Garage Band Memories

I remember the music of the late sixties. It stirs memories of my teenage years. I haven’t listened to most of those songs much for years. Now it seems that everywhere I turn they are being played. Perhaps it is an attempt to cash in on those of the Baby Boomer generation(s) that are getting on toward retirement age.

Music has a powerful ability to recall events that you have associated with it even decades after the fact. One example is the SiriusXM Beatles channel that premiered recently. I’ve always loved the Beatles but I didn’t realize how many memories listening to that music would stir up.

I remember Nehru jackets that were made popular by the Beatles. I had one that I wore with a black turtle neck and a silver medallion. The black turtle neck was my shirt of choice. It was largely due to Illya Kuryakin on The Man from U.N.C.L.E. He often wore black turtle necks when engaged in covert operations.

I remember the Sears Stella acoustic guitar that I learned to play guitar on. It was a terrible guitar. The strings sat so high off of the neck at the fifth fret that learning Barre chords was an heroic task. I soon had a better guitar. It was a classical guitar with nylon strings. That wasn’t exactly the guitar that I wanted. I wanted an electric guitar but my father had been told that a classical was better for a guitar student. To his credit, he later capitulated and bought me an electric guitar.

I remember the first time our band met for rehearsal.

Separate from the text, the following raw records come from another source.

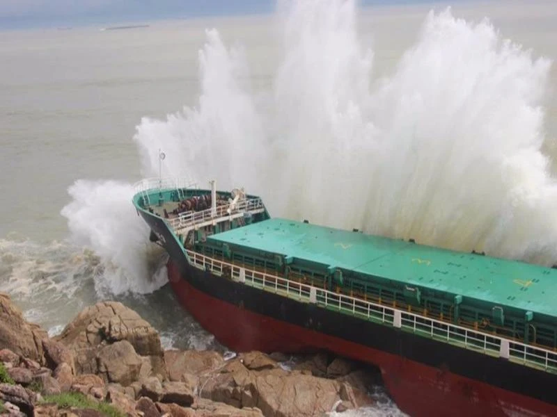 Một tàu hàng bị sóng đánh trôi dạt vào bờ gây hư hỏng.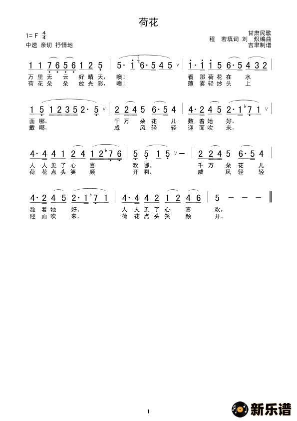 演唱的荷花(甘肃民歌)歌词,荷花(甘肃民歌)简谱.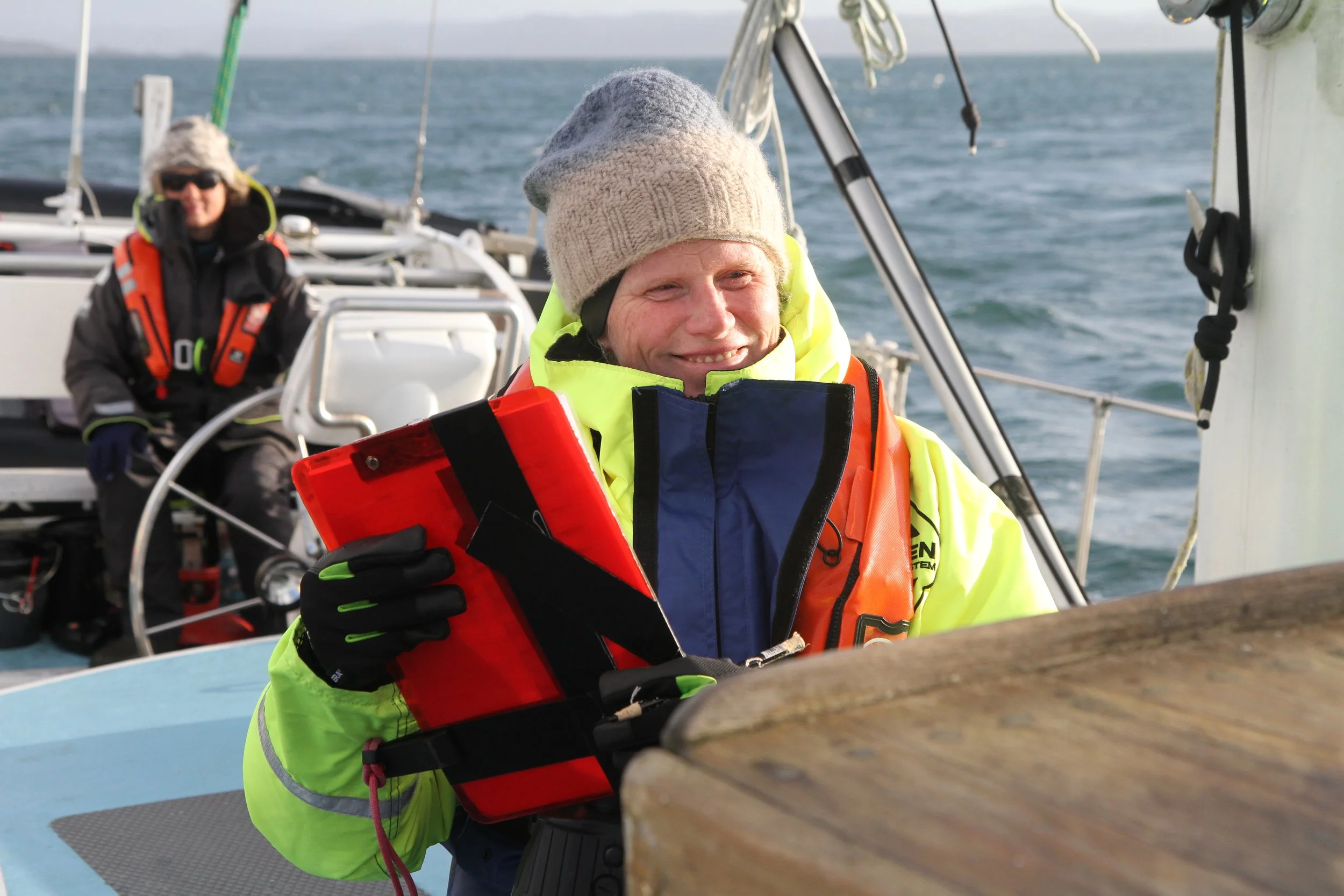 We continued south completing new transect lines that have not been covered this season, spotting harbour porpoise and an unidentified seal. Some of the volunteers got a chance of proper sailing, managing to put up to gib and down again (due to the changing squall). At 13.30 we turned around and returned north continuing our super straight transect lines at greater than 30-degree angle turns, creating lovely zigzags on the map. It was a day of many weather conditions (sun, rain, sun, drizzle, and sun again) but we have now arrived in ‘fake’ Tobermory (Craobh Haven Harbour) where our plan is to assess the local environment through Pub sampling.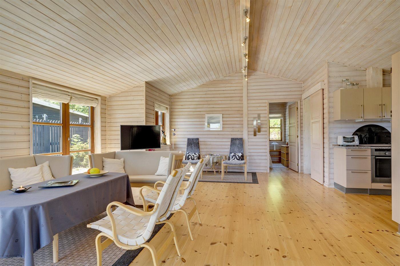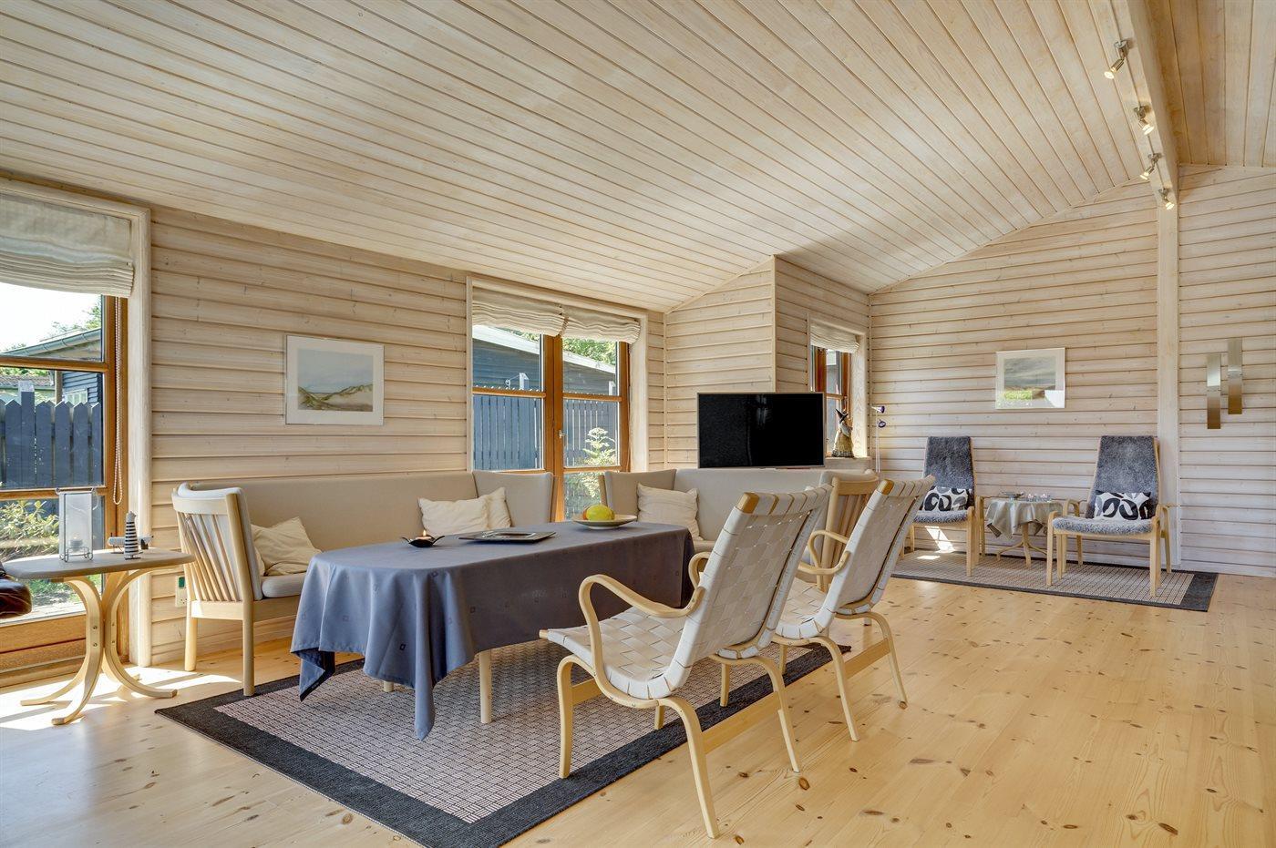 Sommerhuset egner sig til 6 personer. Ferieboligen er på 100 m² og er bygget i 2002. Det er tilladt at medbringe 1 husdyr. Ferieboligen er udstyret med 2 energibesparende varmepumper, hvoraf den ene befinder sig i annekset. Ferieboligen har kombineret vaskemaskine og tørretumbler. Frysekapacitet på 10 liter. Der er desuden brændeovn.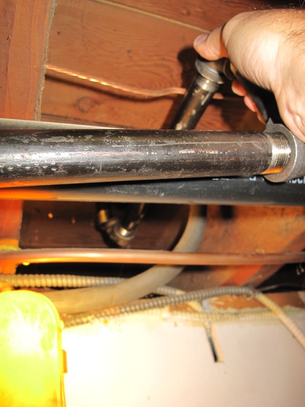 Then the elbow, then the long pipe. Attachment 40937 Then, trouble. Instruction number three reads "Tighten pipe to ANSI standards." Yeah, right. Who knows what that means. As I got the long pipe on, it acted as a long lever and gravity loosened the tee/nipple/elbow connection. Now this was my second biggest worry abou this installation. I'd feared that the install would require me to turn an elbow to a specific direction and tightness, but that those two qualities would not both be acceptable at the same time. In this case, I turned the elbow until it was (kinda) tight, not over tight, but so it was pointing in the right direction. I then found out that THAT particular rotation was not tight enough. Attachment 40938 So, it had to be taken apart and turned another 300 degrees to make it line up properly again and be another turn *tighter*. Attachment 40939 I put the bracket back on so I could put some real torque on the long pipe. |

It was just me and my Stella and my friend Kenneth with his upright piano. Kenneth’s uncle owned a music store and about the third time we practiced she had bought him a Wurlitzer organ. The first song we learned was Eleanor Rigby. Soon after that we started writing our own songs as well as learning other popular songs of the time.

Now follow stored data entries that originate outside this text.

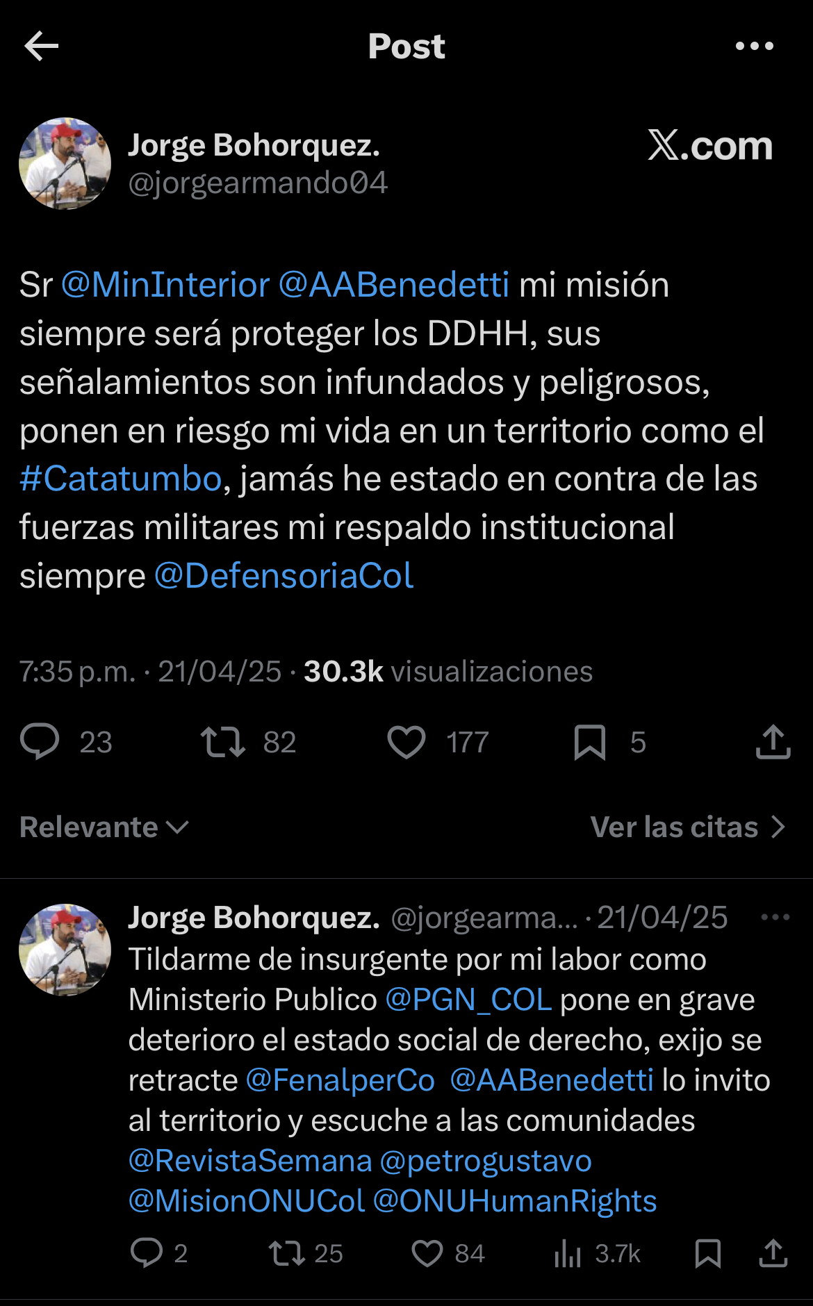 Esa publicación generó una respuesta por parte del ministro del Interior, Armando Benedetti, quien no sólo defendió la actuación de la fuerza pública, sino que lanzó acusaciones en X el 21 de abril: “Señor Personero de Ocaña @jorgearmando04, negar la efectividad del decreto de conmoción interior en el Catatumbo es desconocer el enorme esfuerzo de nuestras Fuerzas Militares. Quien diga lo contrario es sospechoso de estar ayudando a la insurgencia de este país”. Esa publicación tuvo 167.500 visualizaciones.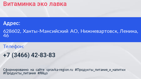 Витаминка, эко-лавка по адресу 628602, Ханты-Мансийский АО, Нижневартовск, Ленина, 46 в дальнейшем Организация, размещена в следующих категориях: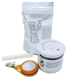 パッシブ法は、拡散原理を利用してゆっくりと吸着させるので、通常8時間以上の測定時間が必要とされ、その間の平均値を測定します。通常の生活状態での室内の化学物質濃度が一日を通してどれくらいかを調べる場合や、サンプラーを身につけて一日の曝露量を測定するのに適しています。

Kenneth was the youngest. His three sisters were all much older than he was. His parents were older than mine and had very different ideas about his upbringing than mine. He had taken off hitch hiking for an entire summer when he was fifteen. I was fourteen that summer and was envious of his adventures but also scared of striking out on my own like that.

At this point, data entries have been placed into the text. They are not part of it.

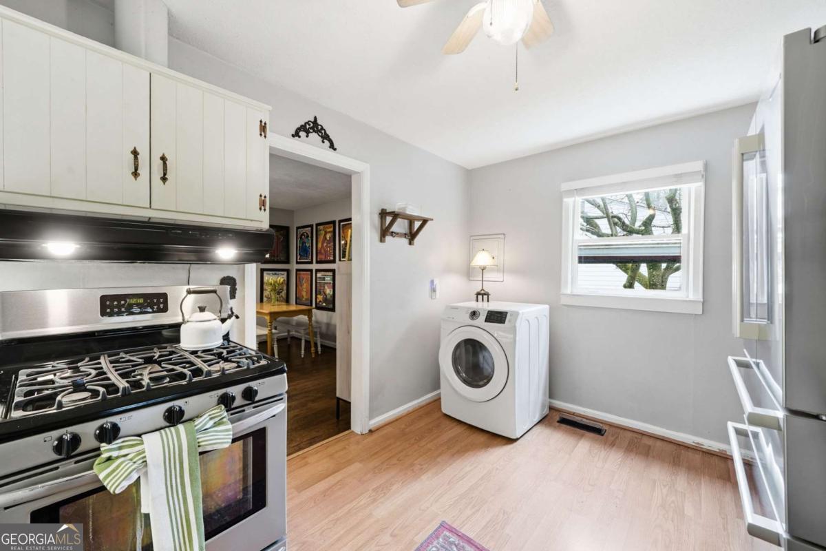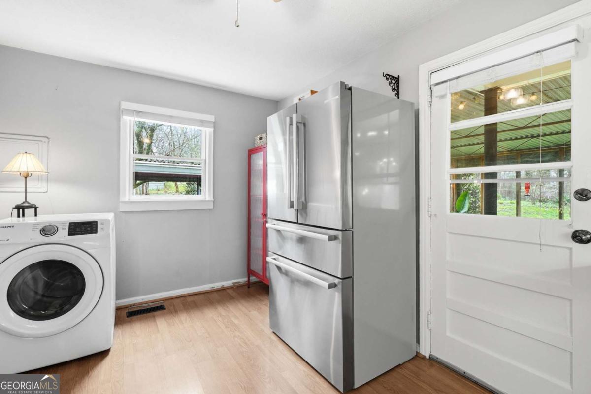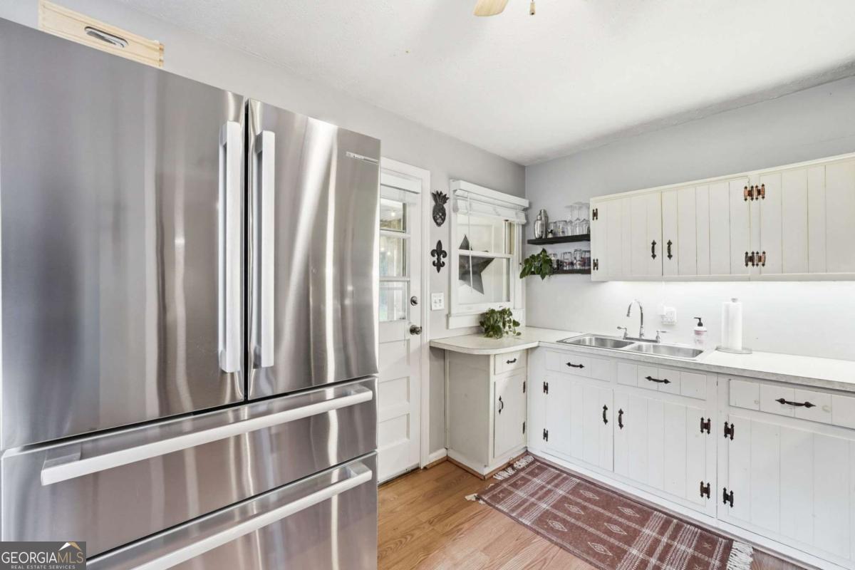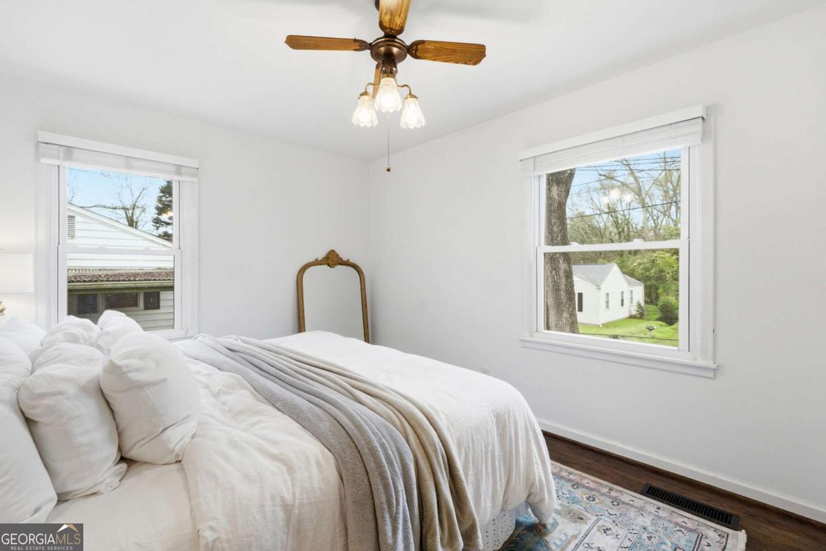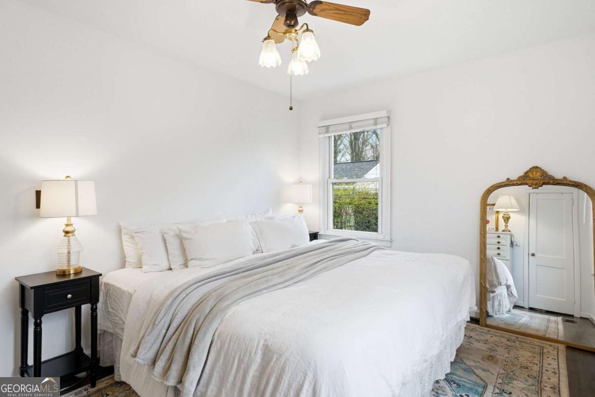Charming cottage-style Ranch tucked away on a quiet dead-end street just 2 miles from Marietta Square. This 3-bedroom, 1-bath home blends classic vintage character featuring refinished hardwood floors, central heat and air, and a tankless water heater for modern comfort. A covered, screened outdoor patio extends the living space and seamlessly blends indoor comfort with outdoor living, creating the perfect spot for relaxing, dining, or entertaining while overlooking the lush garden setting. Situated on a rare double lot, the property offers beautifully established landscaping with mature plantings and seasonal blooms, including varieties of bulbs, ferns, orchids, jasmine, wisteria, and many more that create a lush garden setting year-round. Both the front and backyard are fully fenced, providing privacy and plenty of space to enjoy the outdoors. Additional features include a 1-car carport and convenient access to I-75/I-285, Truist Park, Lockheed/Dobbins, shopping, dining, and all the charm of Marietta Square. A unique opportunity to own a character-filled home with exceptional outdoor space in a prime location.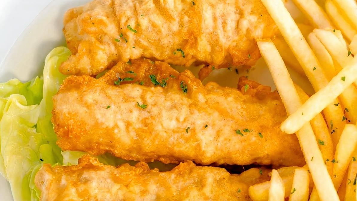 Three pieces of battered fish fried, served with French-fried potatoes and a side of tartar sauce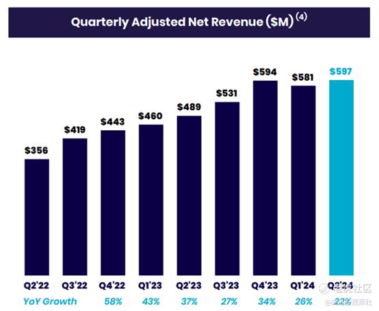 SoFi的金融服务产品也推动了SoFi收入的飙升。在24年第二季度,公司报告了有史以来最高的季度净收入,达到5.97亿美元,同比增长22%。尽管收入增长率有所放缓,但SoFi在吸引新客户进入其个人理财生态系统方面取得了广泛成功。在这种增长势头的背景下,公司也再次提高了对2024财年的指引。

We enlisted a first rate drummer and a bass player that also played French horn. I had a trombone that I was attempting to learn and I also played violin. Kenneth played clarinet. We only played the band instruments when we were recording.

Kenneth’s father had a stereo reel to reel tape recorder that had the circuitry for doing primitive multi-track recording. It was called sound on sound and allowed you to record one track while listening to the playback of the other channel. It also had a feature that allowed you to mix both channels down to one track so that you could record more than just two channels.

I wish I had a copy of some of the tapes that we made. They were made before cassette recorders became common so there was no medium that I would have been able to play it on at the time so I never got a copy.


Sweet dreams, don’t forget to tell the ones you love that you love them, and most important of all, be kind.